# I pretty much need to trade a Rat with some one :(



## Meowzuh (Apr 5, 2014)

Mr. Nibblesworth ( The Explorer) and Buddy don't seem to get along great, usually it seems they're fine but the fights just get worse and worse, Buddy wants to be in charge but Nibblesworth keeps wanting the same but doesn't really try to force a grooming on Buddy, ive seen it a few times when i first got Nibblesworth but now he just bites Buddy and pushes him it seems. Nibblesworth also is too much of an explorer, he keeps trying to get on the floor and walk around and he is going to get hurt if i let him do that or eat something bad and get sick. I live in Riverside California 92509. 

Here he is <3

http://oi62.tinypic.com/wwdpc5.jpg


----------



## Adalii (Aug 18, 2012)

Is there ever blood spilled? They should be able to work it out as long as you make sure the cage is large enough for them, and they have enough stuff and space. Usually when you put new rats together it takes from a few weeks to a month or two for them to fully assimilate. Also my girls enjoy play-fighting from time to time. And as long as you rat-proof the room they roam in they shouldn't get sick from eating something. You have to watch them while they are out though, as they are like children and they love to get into everything.


----------



## Meowzuh (Apr 5, 2014)

The squeeks get worse and worse, its been a few months sinse ive i got Mr. Nibblesworth.


----------



## NeeNee (Feb 5, 2014)

Squeeks mean nothing usually in my mischief...I have one particular rattie who never shuts up. I look at him and he squeeks...touch him and its as if I took a hot poker to him...he's just vocal. Rats will tuffle from time to time even those that are the best of buds. So long as no blood is spilled, there's probably nothing to worry about.

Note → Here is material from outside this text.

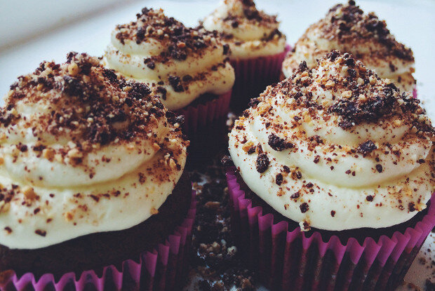 3. В получившуюся массу частями добавить муку, перемешивая миксером каждую добавленную порцию. Разлить по формам, заполняя их на 2/3 и выпекать при 180 градусах примерно 22–25 минуты или до готовности (проверить готовность зубочисткой).

If you are super concern, I would suggest neuturing the worst of the two, that should solve any worries.


----------



## LeStan82 (Dec 31, 2013)

Do you free range them? Meaning let them out of the cage to run around and play? They need that type of stimulation (a few hours every day)


----------



## Batman (Sep 11, 2013)

I would try rat proofing a room where he can't get anything and free range them,make sure to get a cage big enough for them my fili is a little motor mouth he loves to just squeak at nothing. Do you actually see them fighting because maybe he is just squeaking just to do it. Fili does that and half the time kili isn't near him at all.


----------